I had lunch the other day with an attorney who said that, when he was in law school, ol’ Learned Hand was the judge whose cases you were most often likely to read. I remember only one of Hand’s cases, United States v. Carroll Towing Co., 159 F.2d 169 (2d Cir. 1947), which involved determining whether a legal duty of care (i.e., the duty not to act negligently) had been breached. By the time I went to law school (in the early 2000s), Hand was out and Judge Richard Posner (and his law and economics theories) was in. Until recently, Judge Posner sat on the Seventh Circuit Court of Appeals. (He’s now helping pro se litigants.)
With Uber going public a few weeks ago, and in my quest to reach the end of the internet, I came across a decision (available here) by Judge Posner that discussed Uber.
In the decision, Judge Posner said the following (albeit in dictum) about what rights patents give their owners:
A patent confers an exclusive right to make and sell the patented product, but no right to prevent a competitor from inventing a noninfringing substitute product that erodes the patentee’s profits.
Judge Posner is certainly right that a patent does not prevent a competitor from inventing a non-infringing substitute product. And he’s wicked smart. But he’s dead wrong on a patent giving “an exclusive right to make and sell the patented product.”

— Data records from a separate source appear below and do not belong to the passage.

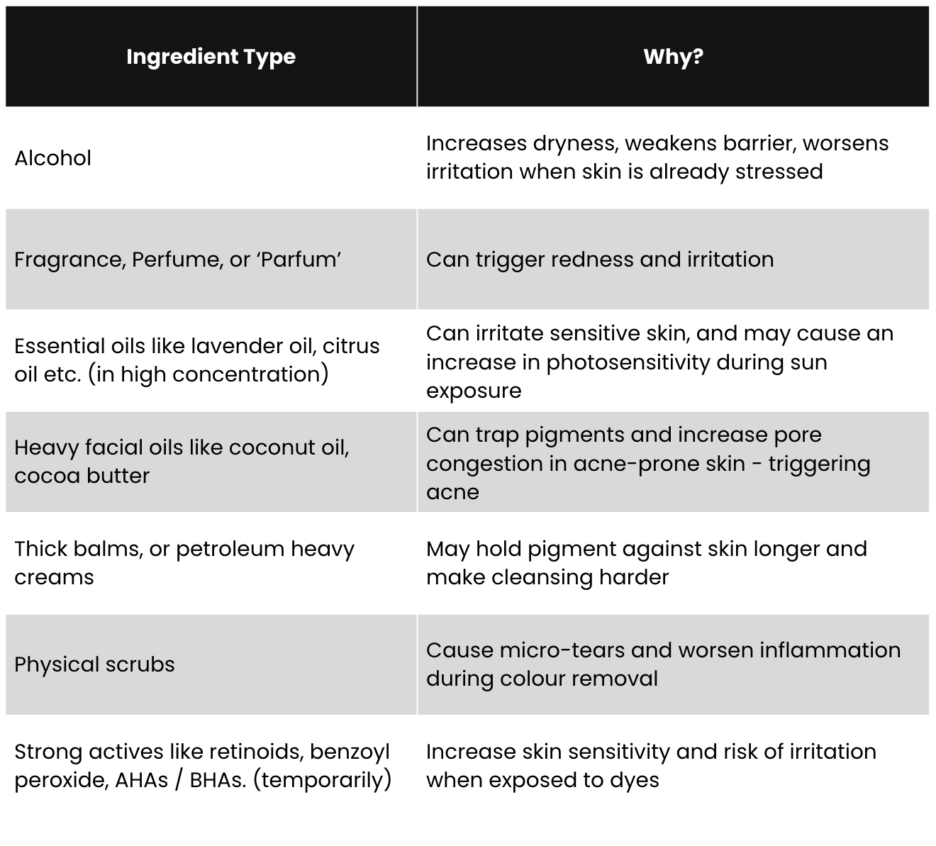 Our natural instinct is to aggressively scrub off stubborn colours as if our life depended on it. And I get it - nobody wants to go to work the next day looking like they joined the cast of Avatar. But this scrubbing inflicts even more damage to the skin barrier. When you scrub hard with a cleanser, loofah, or physical exfoliants like almond scrub, or even double cleanse repeatedly, you cause micro-tears in the skin because of the friction. This puts your skin barrier at a risk of inflammation.
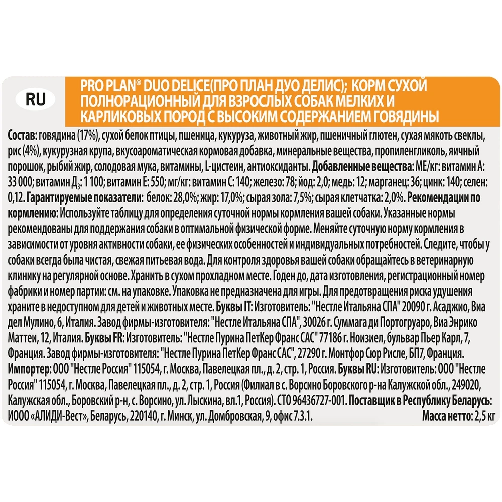 Pro Plan Duo Delice Small Mini сухой корм для мелких и карликовых пород, Говядина, 0,7 кг.
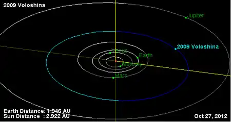 Орбита астероида Волошина и его положение в Солнечной системе
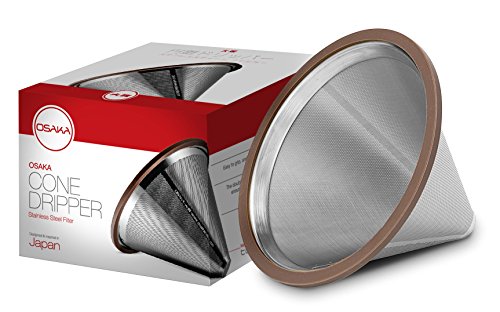Osaka Stainless Steel Pour Over Coffee Dripper with Double Layered Filter, Paperless and Reusable Cone Shaped Filter for Osaka, Chemex, Hario, Bodum and Other Carafes
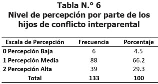 En la Tabla N.° 6 se determinó que la percepción del conflicto interparental en los adolescentes indico que el 4,5% tiene una baja percepción de los conflictos interparentales, el 66,2% presentó una percepción media y el 29,3% una percepción alta.

A patent provides no right to make or sell anything. Instead, a patent (nominally) provides the right to exclude others from making or selling the patented invention:
Every patent shall contain . . . a grant to the patentee, his heirs or assigns, of the right to exclude others from making, using, offering for sale, or selling the invention throughout the United States or importing the invention into the United States, and, if the invention is a process, of the right to exclude others from using, offering for sale or selling throughout the United States, or importing into the United States, products made by that process, referring to the specification for the particulars thereof.
35 U.S.C.A. § 154; see also TransCore, LP v. Elec. Transaction Consultants Corp., 563 F.3d 1271, 1275 (Fed. Cir. 2009) (“the grant of a patent does not provide the patentee with an affirmative right to practice the patent but merely the right to exclude”); Leatherman Tool Group Inc. v. Cooper Indus., Inc., 131 F.3d 1011, 1015 (Fed. Cir. 1997) (“In fact, the federal patent laws do not create any affirmative right to make, use, or sell anything.”)

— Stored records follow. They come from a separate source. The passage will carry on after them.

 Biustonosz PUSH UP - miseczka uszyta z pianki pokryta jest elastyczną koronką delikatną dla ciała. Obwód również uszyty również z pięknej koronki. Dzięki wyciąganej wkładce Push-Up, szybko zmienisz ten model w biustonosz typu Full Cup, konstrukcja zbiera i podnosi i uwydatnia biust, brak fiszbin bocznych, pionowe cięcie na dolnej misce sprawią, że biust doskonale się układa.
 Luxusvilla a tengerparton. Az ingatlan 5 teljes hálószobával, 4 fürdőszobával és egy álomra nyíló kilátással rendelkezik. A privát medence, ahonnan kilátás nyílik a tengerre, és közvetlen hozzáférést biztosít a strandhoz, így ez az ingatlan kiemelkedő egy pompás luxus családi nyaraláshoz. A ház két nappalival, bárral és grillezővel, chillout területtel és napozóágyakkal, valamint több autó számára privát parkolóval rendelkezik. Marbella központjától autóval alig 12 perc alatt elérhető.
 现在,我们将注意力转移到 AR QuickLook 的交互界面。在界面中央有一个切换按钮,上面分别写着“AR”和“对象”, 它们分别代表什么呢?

So I can obtain a patent for (i) a vehicle with (ii) a new and improved windshield wiper, but my patent doesn’t give me the right to make anything, and certainly not the right to make a vehicle (even one with my windshield wiper) if someone else holds a patent on the vehicle. In that case, I can exclude others from making a vehicle with my windshield wiper, but I can’t make the product myself.
Additionally, despite Section 154’s language about patents granting “the right to exclude others” from making the patented product, to actually exclude someone from making your invention, you need to obtain an injunction. Stated differently, there’s no automatic right to exclude someone from infringing your patent. Instead, federal law:
- defines (direct) infringement of a patent as “whoever without authority makes, uses, offers to sell, or sells any patented invention, within the United States or imports into the United States any patented invention during the term of the patent”, 35 U.S.C. § 271(a);
- provides that “[a] patentee shall have remedy by civil action for infringement of his patent”, 35 U.S.C. § 281;
- requires the court to award “damages adequate to compensate for the infringement, but in no event less than a reasonable royalty for the use made of the invention by the infringer,” 35 U.S.C. § 284; and
- allows, but does not require, courts to “grant injunctions in accordance with the principles of equity to prevent the violation of any right secured by patent, on such terms as the court deems reasonable.” 35 U.S.C. § 283.
And actually obtaining an injunction in a patent case is exceedingly rare, especially after the Supreme Court’s Ebay decision.